Publication information

Source: Harper’s Weekly
Source type: magazine
Document type: article
Document title: “Succession to the Presidential Chair”
Author(s): anonymous
Date of publication: 21 September 1901
Volume number: 45
Issue number: 2335
Pagination: 946

 
Citation
“Succession to the Presidential Chair.” Harper’s Weekly 21 Sept. 1901 v45n2335: p. 946.
 
Transcription
full text
 
Keywords
presidential succession.
 
Named persons
Lyman J. Gage; John Hay; Ethan A. Hitchcock; Philander C. Knox; John D. Long; Theodore Roosevelt; Charles Emory Smith; James Wilson.
 
Document


Succession to the Presidential Chair

THE old order of succession to the Presidency was changed in 1888. Up to that time the order had been from President to Vice-President, and then to Speaker.

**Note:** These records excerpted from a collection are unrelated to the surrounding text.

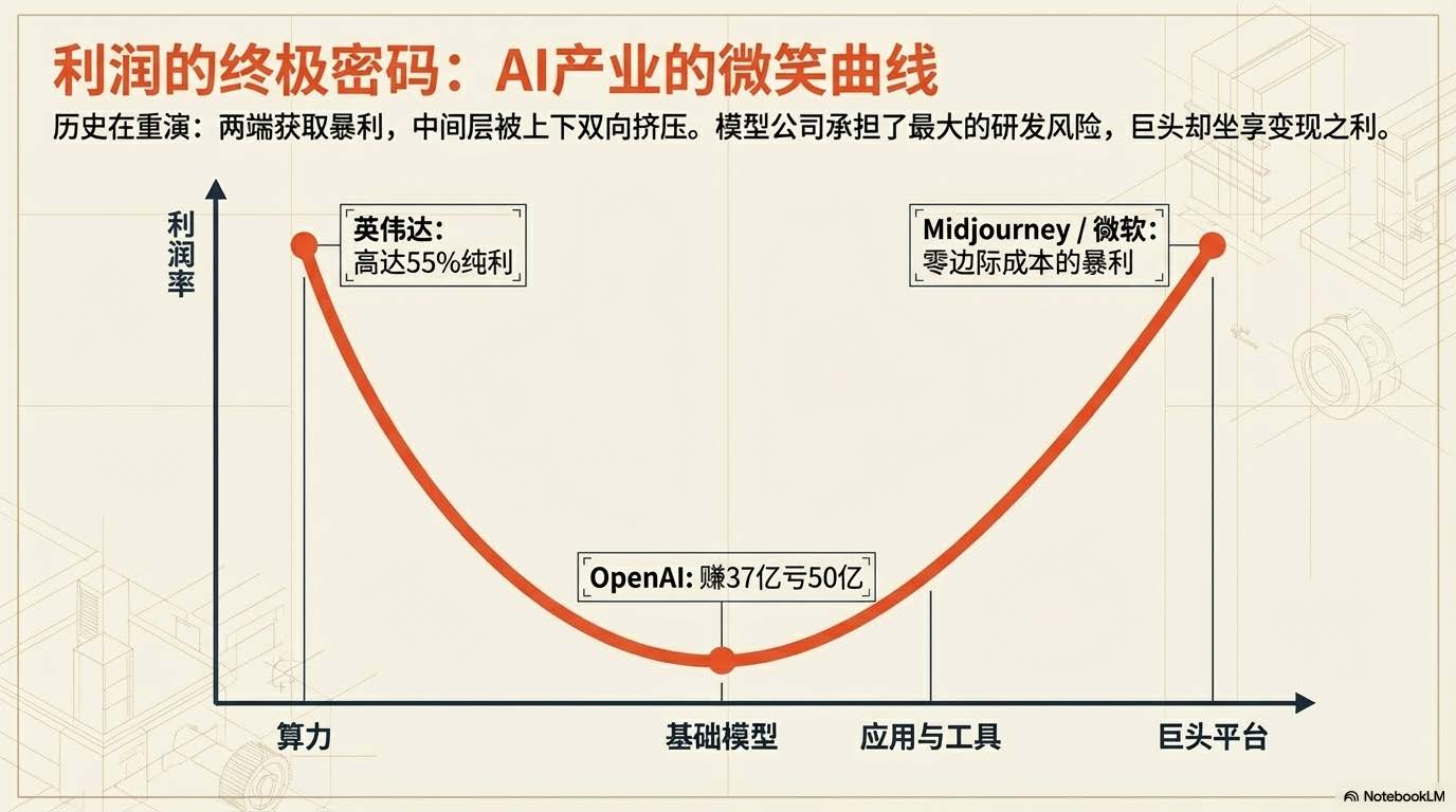 - 解析AI产业的“微笑曲线”:为什么处在中间的基础模型层,被上下两端的算力成本与巨头生态挤压得最惨?
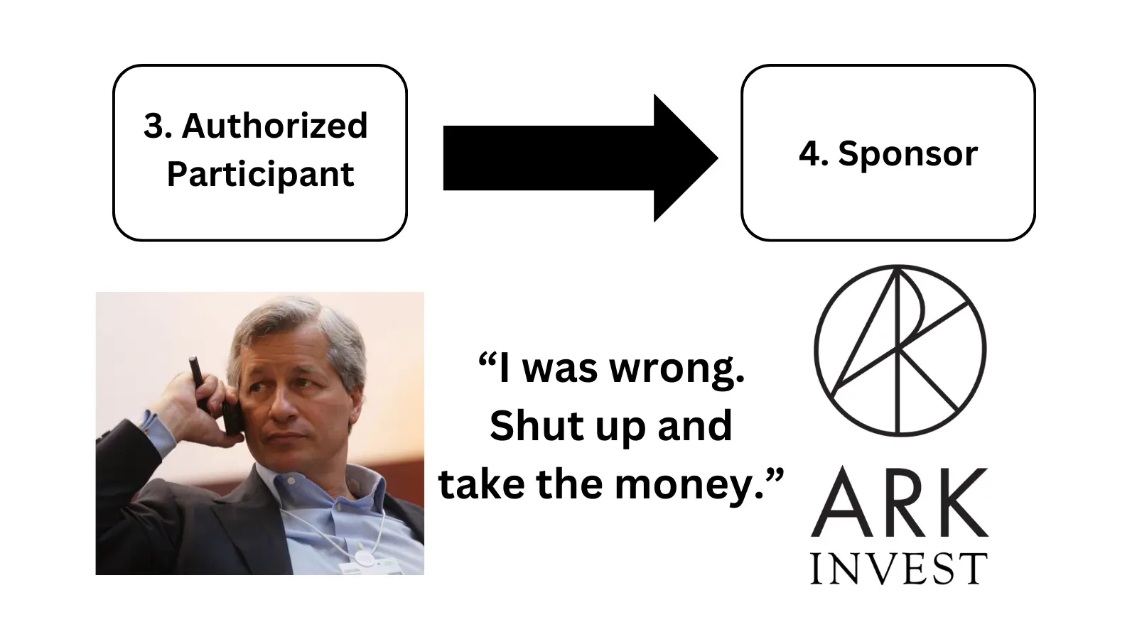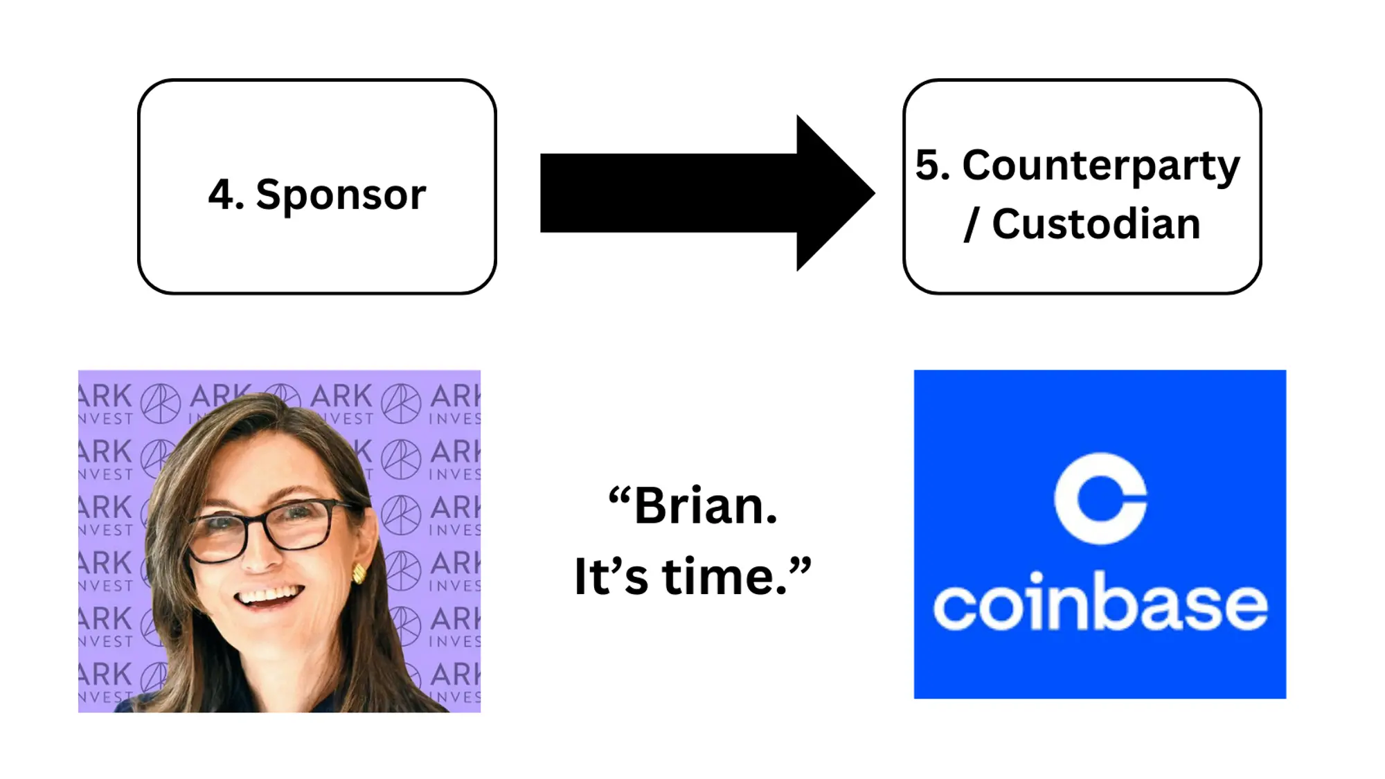 交易对手,如 Coinbase,负责处理 ETF 比特币的买卖。他们根据发起人的指示操作,确保 ETF 的比特币持有量与其股票数量保持一致。托管人(例如 Coinbase)负责 ETF 比特币资产的安全存储,确保信托持有的比特币资产的安全性和监管合规性。发起人根据 AP 的活动(创建或赎回 ETF 份额)指示比特币交易对手买入或卖出比特币。比如,在 Jamie Dimon 从 Cathie Wood 那里订购所有股票并尽可能多地创建股票后,Cathie 会打电话给 Coinbase 的 Brian Armstrong,说:“Jamie 的 FOMO 情绪正如我们所料。我需要立即买下你所有的 BTC。”这就是链上乐趣所在。
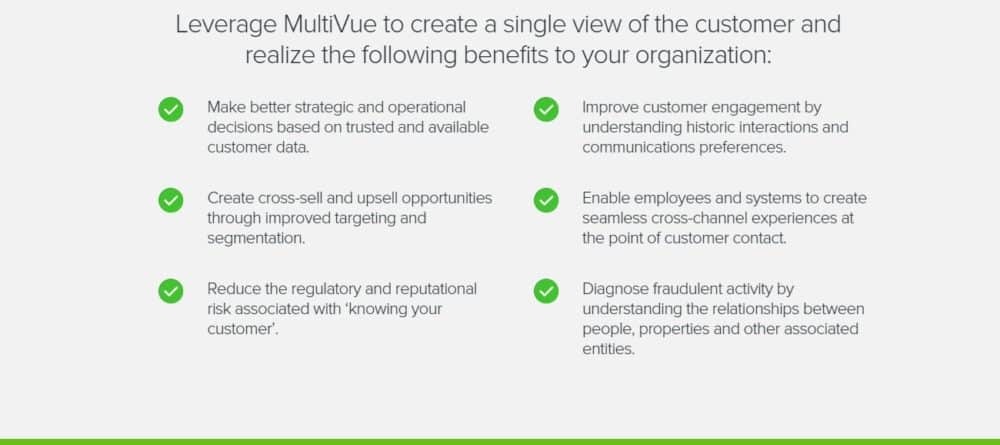MultiVue MDM solution enables organizations to realize the benefits associated with a data-driven business by creating a single and complete view of the customer across previously siloed and disparate data sources.

By the act of 1888, the succession would now follow in this order: First, Vice-President Roosevelt; in case of his death or disability, Secretary Hay would succeed; and then, on the death or disability of that incumbent, there would follow, after Secretary Hay, Secretary Gage; then Attorney-General Knox; then Secretary Long; then Postmaster-General Smith; then Secretary Hitchcock; and finally Secretary Wilson. The new order insures the succession of a member of the President’s party. Under the old order, the Speaker being often a member of the opposite party, the will of the people, as expressed at the Presidential election, might have been defeated by his succession.